● **What you are asked to do**
Your answer should be the lines below from the one holding "鼓楼内的四根大柱都是百年以上" through the one holding "Trái tim là", copied exactly and with nothing else.

Start of Data under study

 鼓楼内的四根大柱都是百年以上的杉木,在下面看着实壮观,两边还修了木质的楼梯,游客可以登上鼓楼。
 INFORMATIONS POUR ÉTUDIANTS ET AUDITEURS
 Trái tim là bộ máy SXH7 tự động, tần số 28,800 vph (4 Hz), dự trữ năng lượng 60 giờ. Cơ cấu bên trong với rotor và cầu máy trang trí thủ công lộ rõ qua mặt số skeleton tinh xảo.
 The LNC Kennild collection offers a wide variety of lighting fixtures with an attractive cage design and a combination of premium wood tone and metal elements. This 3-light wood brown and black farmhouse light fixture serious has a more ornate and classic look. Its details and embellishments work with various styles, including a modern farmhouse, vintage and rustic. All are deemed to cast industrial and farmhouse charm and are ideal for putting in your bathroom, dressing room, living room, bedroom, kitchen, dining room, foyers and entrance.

End of Data under study
Start of Data under study

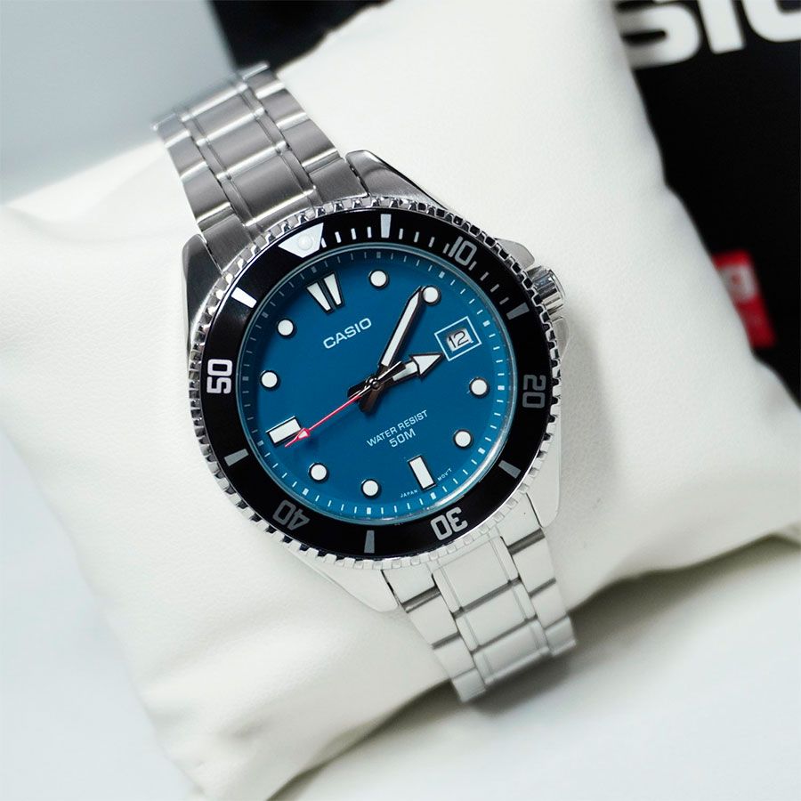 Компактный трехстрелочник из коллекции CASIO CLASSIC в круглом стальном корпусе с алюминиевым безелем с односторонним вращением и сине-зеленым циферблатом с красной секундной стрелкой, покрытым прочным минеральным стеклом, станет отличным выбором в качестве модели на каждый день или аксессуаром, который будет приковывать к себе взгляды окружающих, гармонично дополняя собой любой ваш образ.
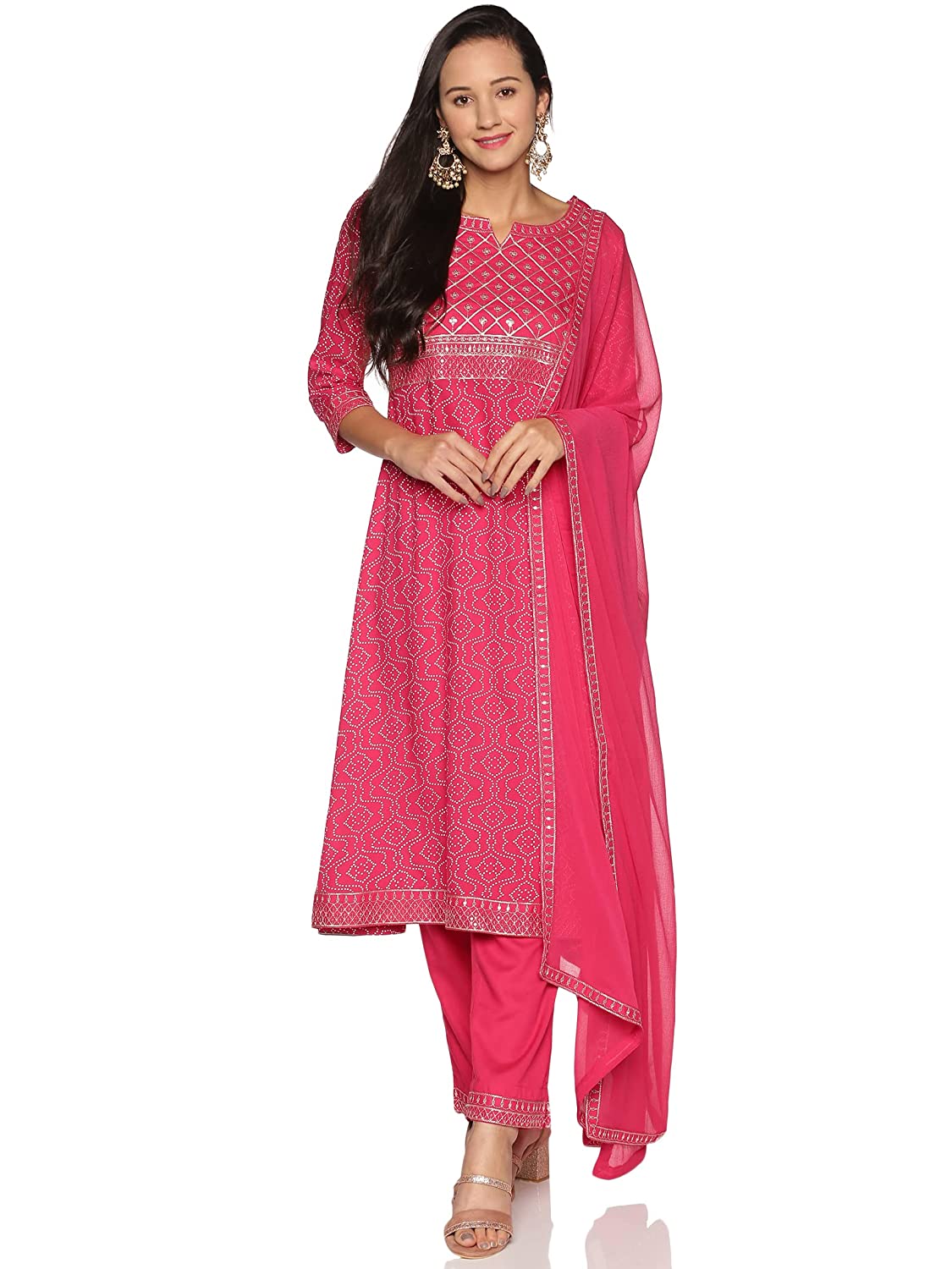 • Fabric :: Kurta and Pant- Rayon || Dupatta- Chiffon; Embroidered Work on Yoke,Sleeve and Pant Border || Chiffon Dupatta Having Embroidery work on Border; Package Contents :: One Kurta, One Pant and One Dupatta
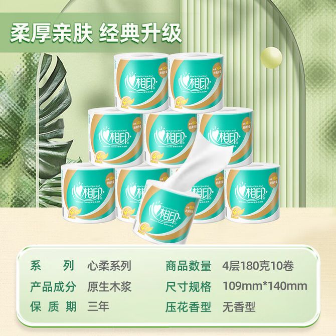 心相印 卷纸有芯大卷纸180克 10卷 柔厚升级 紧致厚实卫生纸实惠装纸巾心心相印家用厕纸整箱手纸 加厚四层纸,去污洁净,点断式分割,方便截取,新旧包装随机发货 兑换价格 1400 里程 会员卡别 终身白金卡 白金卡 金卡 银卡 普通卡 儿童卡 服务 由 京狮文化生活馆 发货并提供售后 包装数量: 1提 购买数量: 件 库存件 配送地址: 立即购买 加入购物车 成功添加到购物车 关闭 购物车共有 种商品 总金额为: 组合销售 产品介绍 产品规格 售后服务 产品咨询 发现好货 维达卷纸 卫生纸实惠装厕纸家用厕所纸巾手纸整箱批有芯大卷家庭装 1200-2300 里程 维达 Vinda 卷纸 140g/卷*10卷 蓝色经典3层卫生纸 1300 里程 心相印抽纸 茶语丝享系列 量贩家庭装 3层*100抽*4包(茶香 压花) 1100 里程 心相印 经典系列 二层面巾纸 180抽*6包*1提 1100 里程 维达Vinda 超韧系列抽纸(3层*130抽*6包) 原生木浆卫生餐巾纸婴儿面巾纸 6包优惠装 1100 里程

End of Data under study
Start of Data under study

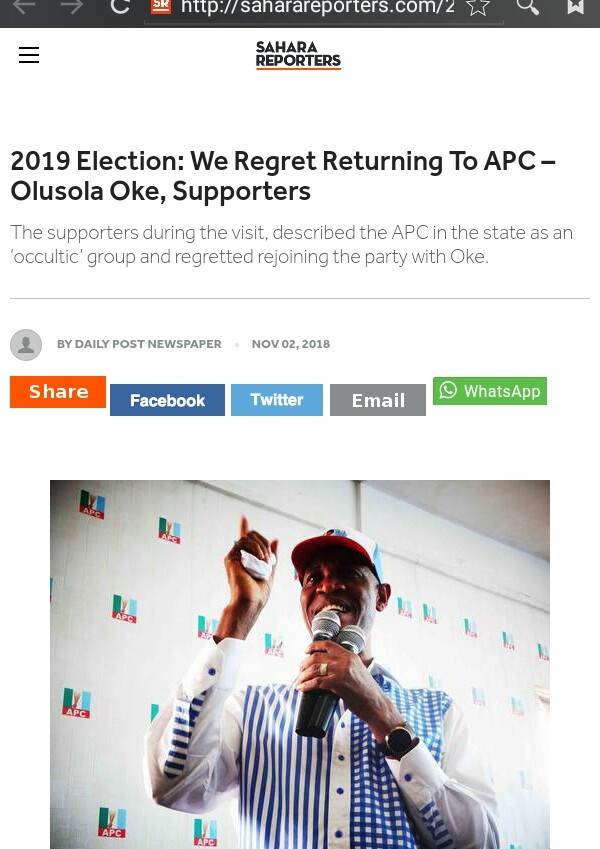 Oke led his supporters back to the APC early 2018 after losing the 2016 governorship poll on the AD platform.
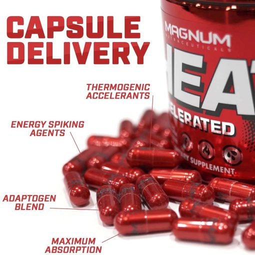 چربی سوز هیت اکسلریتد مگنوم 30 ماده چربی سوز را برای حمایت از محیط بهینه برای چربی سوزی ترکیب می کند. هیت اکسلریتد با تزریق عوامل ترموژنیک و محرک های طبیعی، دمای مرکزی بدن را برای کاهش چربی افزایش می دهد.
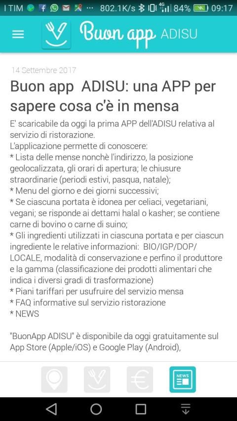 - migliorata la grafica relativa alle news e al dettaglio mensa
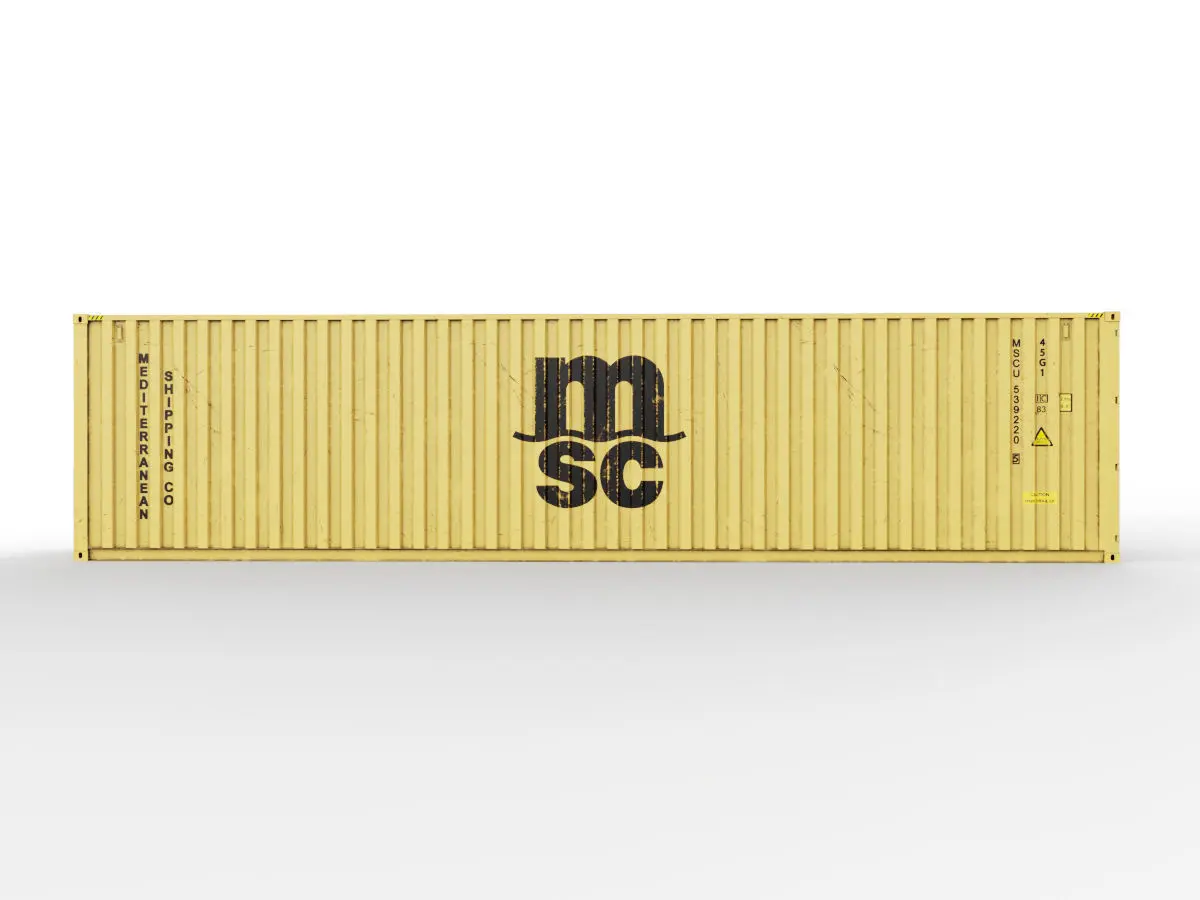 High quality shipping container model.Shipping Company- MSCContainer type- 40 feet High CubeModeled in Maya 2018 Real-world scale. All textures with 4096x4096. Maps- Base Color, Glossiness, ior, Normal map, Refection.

End of Data under study

● **Final answer**
 鼓楼内的四根大柱都是百年以上的杉木,在下面看着实壮观,两边还修了木质的楼梯,游客可以登上鼓楼。
 INFORMATIONS POUR ÉTUDIANTS ET AUDITEURS
 Trái tim là bộ máy SXH7 tự động, tần số 28,800 vph (4 Hz), dự trữ năng lượng 60 giờ. Cơ cấu bên trong với rotor và cầu máy trang trí thủ công lộ rõ qua mặt số skeleton tinh xảo.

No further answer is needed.